**Exercise instructions:**
Your response to the data below should hold nothing except the lines from the one containing "The square front" down to the one containing "Гэта складана сёлета", reproduced exactly and without pictures.

**Collection entries:**
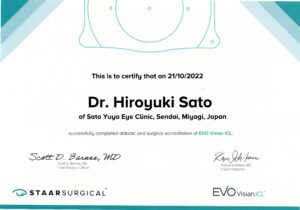 このライセンスは、指導医により所定の講習会及び実技試験を合格した眼科専門医のみ与えられるもので、ライセンス取得者にのみメーカーから有水晶体眼内レンズが供給されるという制度です。公的な資格ではありません。
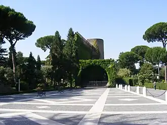 The square front courtyard of the Grotto was the venue, during the 1930s, for a papal guard of honour on the occasion of the oath-taking ceremony of new recruits joining the papal service.[2]
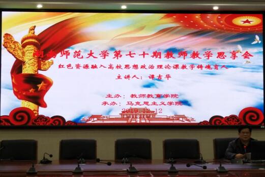 12月12日下午,公司在景德楼立德讲堂举行第70期教师教学思享会。副经理谭吉华教授以“红色资源融入高校思想政治理论课教育铸魂育人”主题分享了自己的教学研究成果。
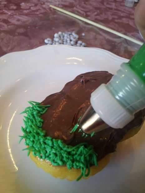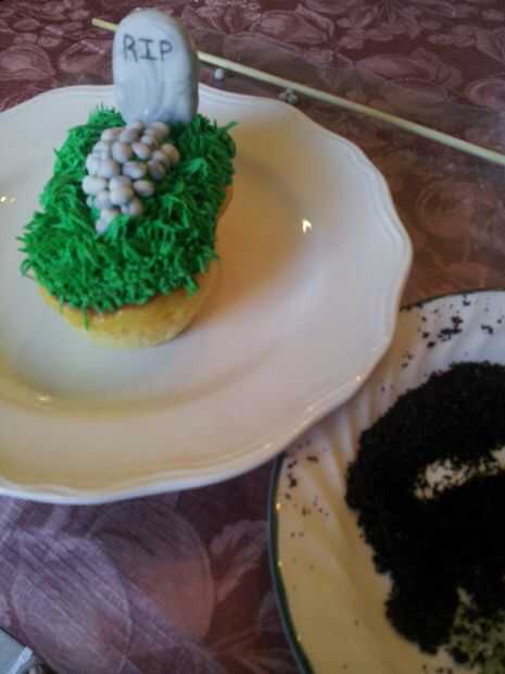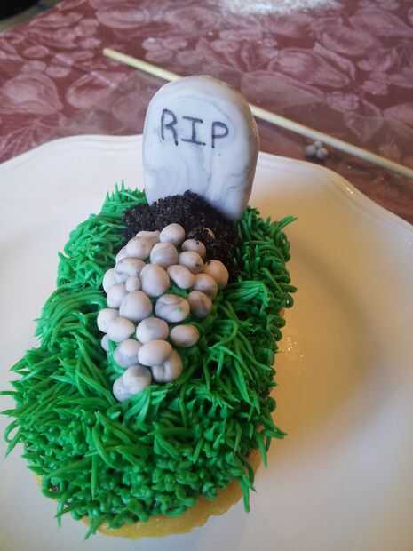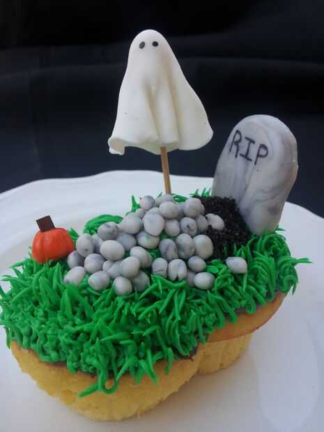 Teñir el glaseado verde y preparar una manga pastelera con la punta de la hierba # 233. Asegúrese de cubrir bien los lados. Coloque la piedra de cabeza. En el medio donde fue enterrado el "cuerpo", tubo un montículo. Cubra el montículo con las pequeñas rocas que hecho. Añadir con cuidado un poquito de 'dirt' hacia la piedra de cabeza. Esto es donde el fantasma se escapó. ; ) Ahora sólo tiene que añadir a su espíritu poco lindo.
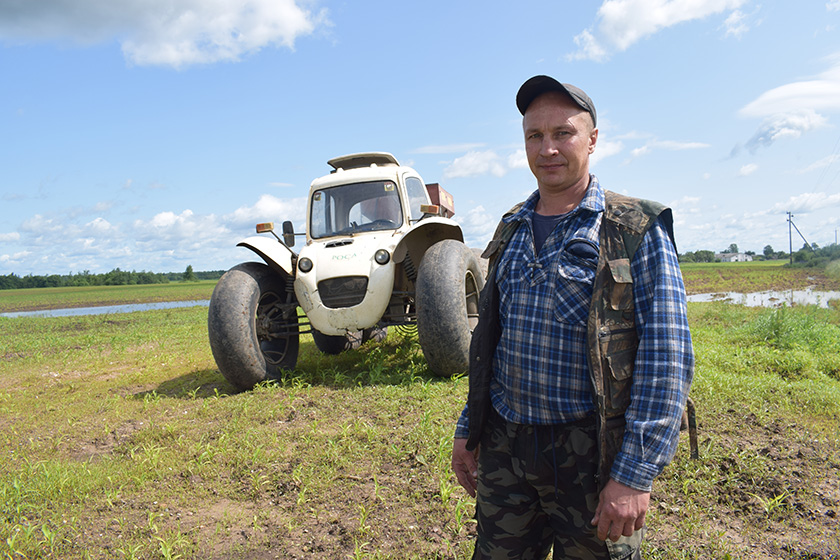 Гэта складана сёлета рабіць на звычайных трактарах, бо кукурузныя палеткі нізкія, месцамі з-за дажджоў стаіць вада. Таму выручае “Раса” на пнеўматычным хаду – шырокім гумавым колам гразь не страшная. Да “Расы” падчапілі РДУ – і за работу.
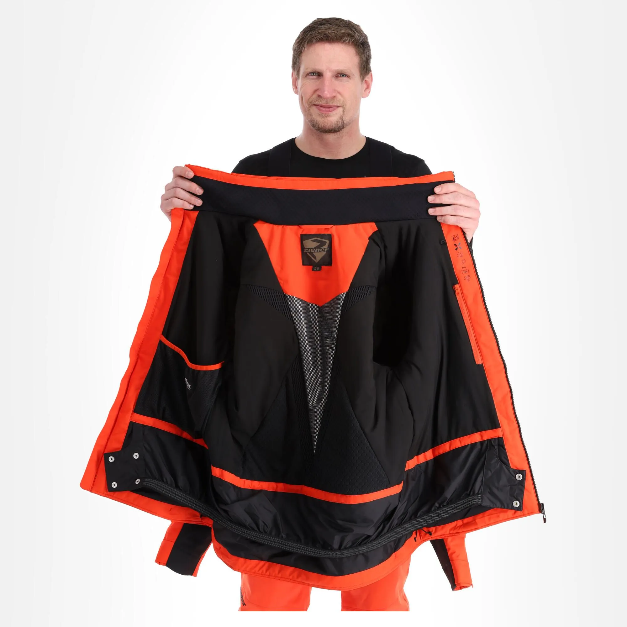 The highly functional, padded ZIENER men’s ski jacket TOROA MAN impresses with its high-quality features. The breathable, wind- and waterproof Dermizax® membrane is extremely durable and high-performance. The elastic outer material and elastic lining also provide maximum freedom of movement. 100g/m² padding made of very breathable and lightweight insulating material keeps the heat balance even when wet – ensuring high wearing comfort. Special heat zones and side ventilation channels ensure an optimal body climate. The jacket is PFC-free thanks to its environmentally friendly waterproofing. A detachable, adjustable functional hood, inner cuffs, waterproof front zip and zippered pockets as well as the snow guard come as standard. Numerous features such as pockets for ski goggles and sunglasses as well as for smartphones plus a ski pass pocket on the left arm make this jacket the perfect choice on the ski slopes.
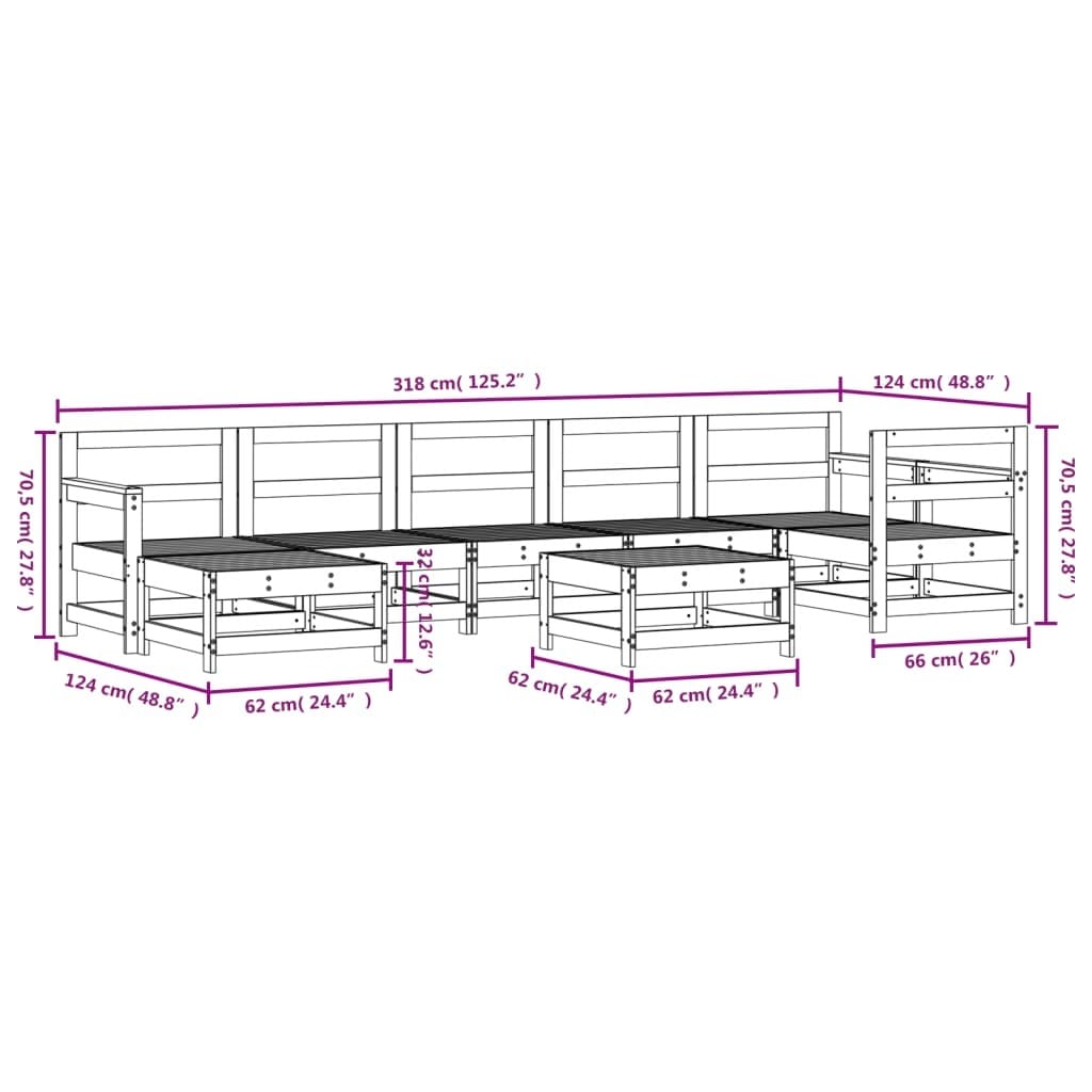 This 8-piece garden lounge set turns outdoor spaces into lovely retreats with its classy yet rustic style. Made mostly from solid pine wood, its natural finish and grainy texture create a warm, comfy vibe that’s just right for relaxing or hosting in gardens or patios. With plenty of seating and the ability to set it up how you like, it’s perfect for any occasion, fitting beautifully in whatever space you’ve got.
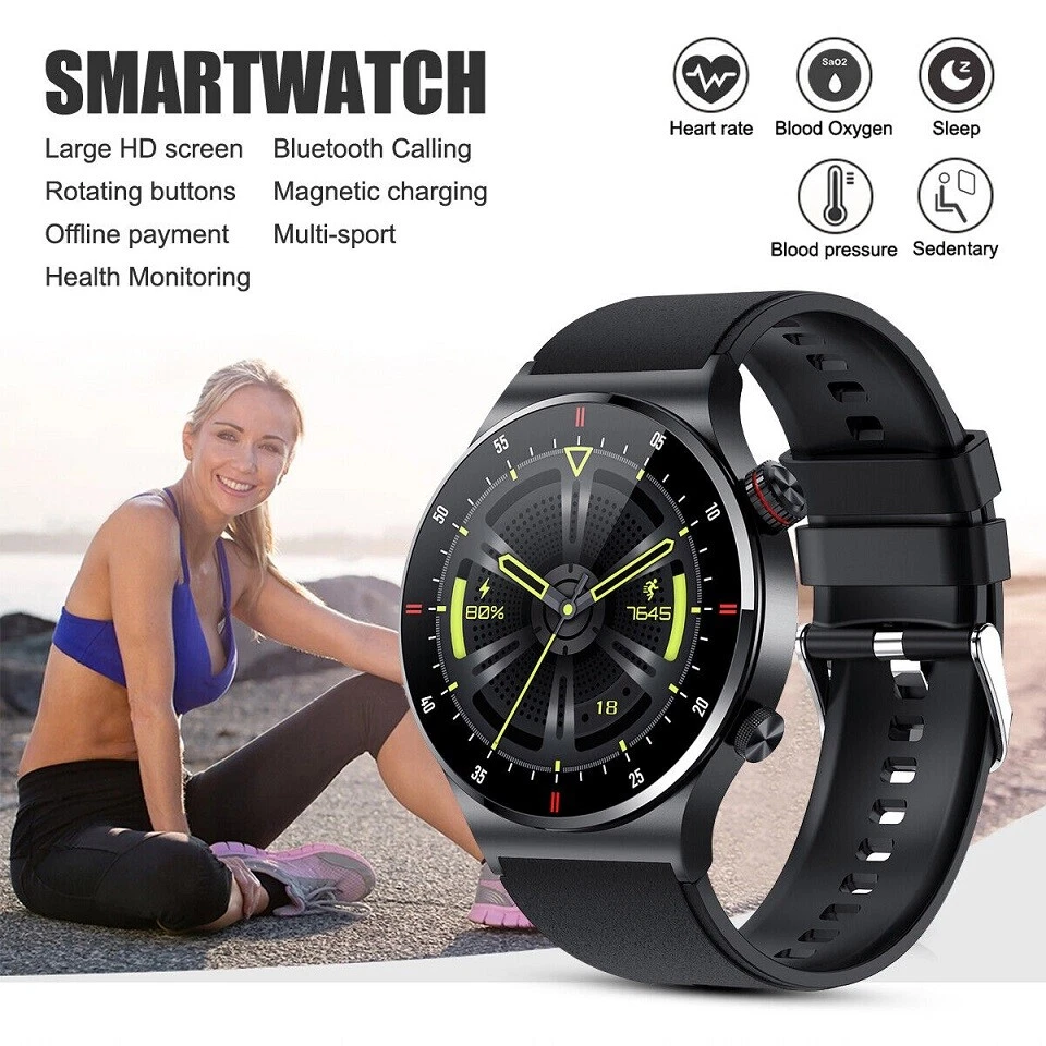 Product Description New Smart Watch Men Waterproof Smartwatch Bluetooth for iPhone Android Samsung A Features: ⏱ HD Touch Screen And Custom Dial: 1.3-inch HD color display with 240*240 resolution provides you with a high quality touch and visual experience. The brightness is adjustable, so you can easily read information in sunlight or in the dark. You can download the dial or customize the dial and set different styles according to different life scenarios to show your unique personality. ⏱ Smart Bluetooth Call And SMS Alerts: All messages and notifications are displayed on the watch and alert you via vibration, you can choose to answer or reject calls on the watch, you can also receive messages from Facebook, Twitter, Whatsapp, SMS, notification software (such as INS), so you won't miss important work phone messages. ⏱ Healthy Sleep And Heart Rate Monitoring: This stylish smartwatch monitors heart rate, blood pressure, blood oxygen, deep and light sleep status, analyzes sleep and helps you better understand your health. Rationalize your lifestyle. Warm tips: (This watch is not a medical device, measuring health data for reference only). ⏱ Multi-Functional Smart Notification: Sedentary reminder, alarm setting, remote control photo, weather display, stopwatch, music control, cell phone search, hand illuminated screen, female physiological cycle, step calculation, distance, calorie, heart rate/blood pressure/blood pressure/sleep monitoring, brightness adjustment and other functions. Support uploading picture customization, binding payment account can realize payment function, support offline sweeping code payment. ⏱ Multiple Sports Modes & IP67 Waterproof: 10 sports modes can help you better understand specific activity data. Sports modes include running, soccer, badminton, basketball, jump rope, swimming, climbing, cycling, running, walking, table tennis, etc. Easy to operate and switch, and immediately displayed on the screen to record. Adopt IP67 waterproof setting standard to avoid daily hand washing, sweat, rain and other splashes (Note: not for bathing, diving, etc.). ⏱ Support Devices And Long Battery Life: Our smartwatch is compatible with iOS 10.0 and above, Android 5.0 and above smartphones. Equipped with 260mAh large capacity battery, magnetic charging time is about 2 hours, and it can standby for about 15 days after fully charged for 5-7 days. ⏱ Support Languages : Simplified Chinese, English, Italian, Japanese, German, Spanish, French, Russian, Portuguese, Polish, Turkish, Greek, Hebrew, Czech, Hungarian, Arabic. ⏱APP Name: Fractional Dynamic Circle. Support languages: Russian, Bulgarian, Hungarian, Turkish, Hebrew, German, Italian, Czech, Slovak, Japanese, French, Polish, Thai, Simplified Chinese, Traditional Chinese, Finnish, English, Portuguese, Spanish, Arabic. Specifications: ⏱ Name: QW33 Men's Smart Watch. ⏱ Color: Black;Silver Gray ⏱ Strap: Standard 22MM ⏱ Material: Silicone Band ⏱ Touch Screen Mode: Full Touch. ⏱ Battery: Built-In 200MAH lithium-Ion Battery. ⏱ Waterproof Function: IP67. ⏱ Compatible System: Android 5.0/iOS10.0. ⏱ Charging Type: Magnetic Charging. ⏱ Display: 1.3 IPS, 240*240 Full Round Display. ⏱ Operating Time: 5-7 Days For Typical Scenarios, 15 Days Standby. Products Included: ⏱ 1× Smartwatch ⏱1× Charging Cable ⏱1× User Manual Payment Returns Contact Us Shipping Feedback 1. We only accept eBay payments. 2. All payments must be made within 3 days after auction won. Item may be returned for refund or replacement within 30 days of the purchase date. Returned merchandise must be unused, in original packaging and include all accessories. Shipping costs are non-refundable. Please do not hesitate to leave us your 5 Star ★★★★★ of DSR positive feedback if you are satisfaction with our products ,delivery or services . If you have Any Questions Or Unsatisfied with your purchase, please Email us firstly to get a better solution before you leave a neutral or negative feedback, we work hard to make sure every customer 100% satisfied and resolve anyproblem for you. Please email us first in the following situations: 1.The item can't work properly. 2.The item broken on the post. 3.You bought or received the wrong items. 4.You have not received your shipment within the period. 5.Before you give us Negative feedback. 6.Before you open a case/return on eBay. All questions will be replied within 24 hours (Except Saturday and Sunday or holidays). Thank you for your kindness! 1. eBay Payments Confirmed Addresses Only. 2. No Delivery to Alaska and Hawaii or PR. 3. No P.O. Box and APO/FPO Delivery. 4. Tracking Number will be provided. 5. Domestic shipping is within the 48 Contiguous States of United States, the delivery time is between 2 and 8 days. Items will be shipped by UPS, USPS or Fedex within 3 business day after receiving full payment. 6. International shipping is from China, the delivery time is between 10 and 30 working days. As a seller , Positive Feedback is very important to us. We try our best to let our customers to be happy. If you have any question about your order, please contact us ,please let us know before you Leave the Negative feedback ,We are willing to do our best to make up for it, Thank you very much ! Payment 1. We only accept eBay payments. 2. All payments must be made within 3 days after auction won. Returns Item may be returned for refund or replacement within 30 days of the purchase date. Returned merchandise must be unused, in original packaging and include all accessories. Shipping costs are non-refundable. Please do not hesitate to leave us your 5 Star ★★★★★ of DSR positive feedback if you are satisfaction with our products ,delivery or services . Contact Us If you have Any Questions Or Unsatisfied with your purchase, please Email us firstly to get a better solution before you leave a neutral or negative feedback, we work hard to make sure every customer 100% satisfied and r

**Answer to the problem:**
 The square front courtyard of the Grotto was the venue, during the 1930s, for a papal guard of honour on the occasion of the oath-taking ceremony of new recruits joining the papal service.[2]
 12月12日下午,公司在景德楼立德讲堂举行第70期教师教学思享会。副经理谭吉华教授以“红色资源融入高校思想政治理论课教育铸魂育人”主题分享了自己的教学研究成果。
 Teñir el glaseado verde y preparar una manga pastelera con la punta de la hierba # 233. Asegúrese de cubrir bien los lados. Coloque la piedra de cabeza. En el medio donde fue enterrado el "cuerpo", tubo un montículo. Cubra el montículo con las pequeñas rocas que hecho. Añadir con cuidado un poquito de 'dirt' hacia la piedra de cabeza. Esto es donde el fantasma se escapó. ; ) Ahora sólo tiene que añadir a su espíritu poco lindo.
 Гэта складана сёлета рабіць на звычайных трактарах, бо кукурузныя палеткі нізкія, месцамі з-за дажджоў стаіць вада. Таму выручае “Раса” на пнеўматычным хаду – шырокім гумавым колам гразь не страшная. Да “Расы” падчапілі РДУ – і за работу.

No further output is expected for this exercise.